■ Work required
With the pictures omitted, write out all of the listing exactly.

■ Data provided
##########

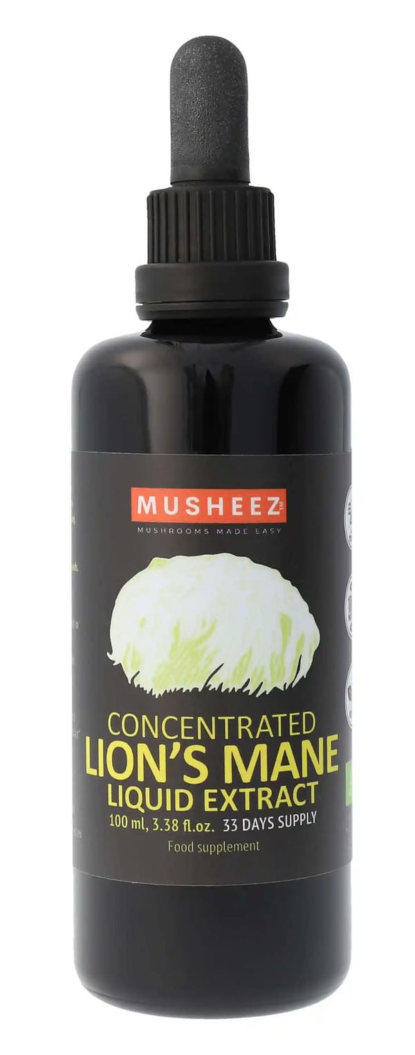 Lion’s Mane Liquid Extract contains purified water, certified organic 15:1 lion’s mane (Hericium erinaceus) dual extract, natural citric acid, rowan berry extract (Sorbus aucuparia)
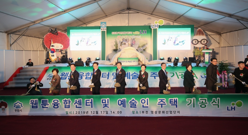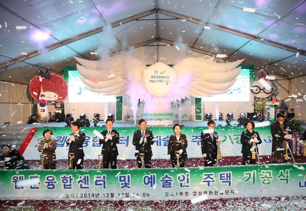 ‘부천 웹툰융합센터 및 예술인임대주택 기공식’이 17일 부천영상문화산업단지 일원에서 이재명 경기도지사, 김현미 국토교통부 장관, 박양우 문화체육관광부 장관, 장덕천 부천시장 등의 내빈을 비롯해 웹툰 관련 작가와 예술인 등 300여명이 참석한 가운데 개최됐다.
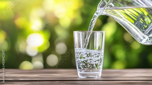 Refreshing Hydration: A Glass of Water Poured in a Natural Setting
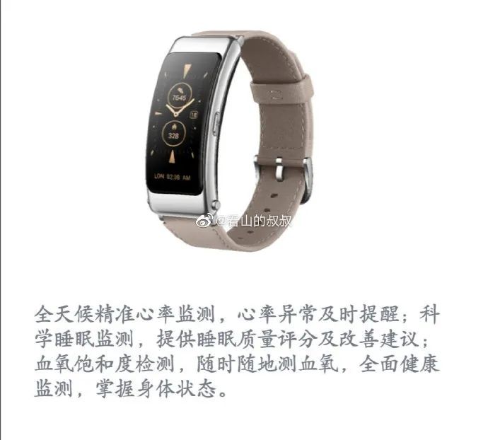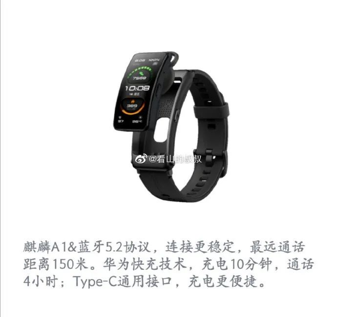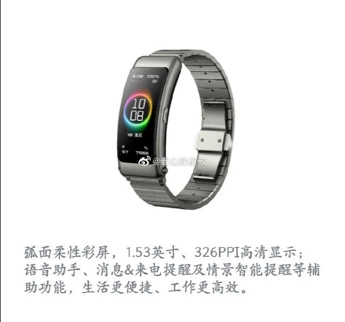来自@看山的叔叔 的爆料,华为手环 B6 采用弧面柔性屏,1.53 英寸,326ppi,支持语音助手、心率检测等功能,将搭载麒麟 A1 芯片,可作蓝牙耳机使用,最远通话距离为 150 米,采用 Type-C 接口,支持华为快充技术,充电 10 分钟,通话 4 小时。

##########

■ Task response
 Lion’s Mane Liquid Extract contains purified water, certified organic 15:1 lion’s mane (Hericium erinaceus) dual extract, natural citric acid, rowan berry extract (Sorbus aucuparia)
 ‘부천 웹툰융합센터 및 예술인임대주택 기공식’이 17일 부천영상문화산업단지 일원에서 이재명 경기도지사, 김현미 국토교통부 장관, 박양우 문화체육관광부 장관, 장덕천 부천시장 등의 내빈을 비롯해 웹툰 관련 작가와 예술인 등 300여명이 참석한 가운데 개최됐다.
 Refreshing Hydration: A Glass of Water Poured in a Natural Setting
来自@看山的叔叔 的爆料,华为手环 B6 采用弧面柔性屏,1.53 英寸,326ppi,支持语音助手、心率检测等功能,将搭载麒麟 A1 芯片,可作蓝牙耳机使用,最远通话距离为 150 米,采用 Type-C 接口,支持华为快充技术,充电 10 分钟,通话 4 小时。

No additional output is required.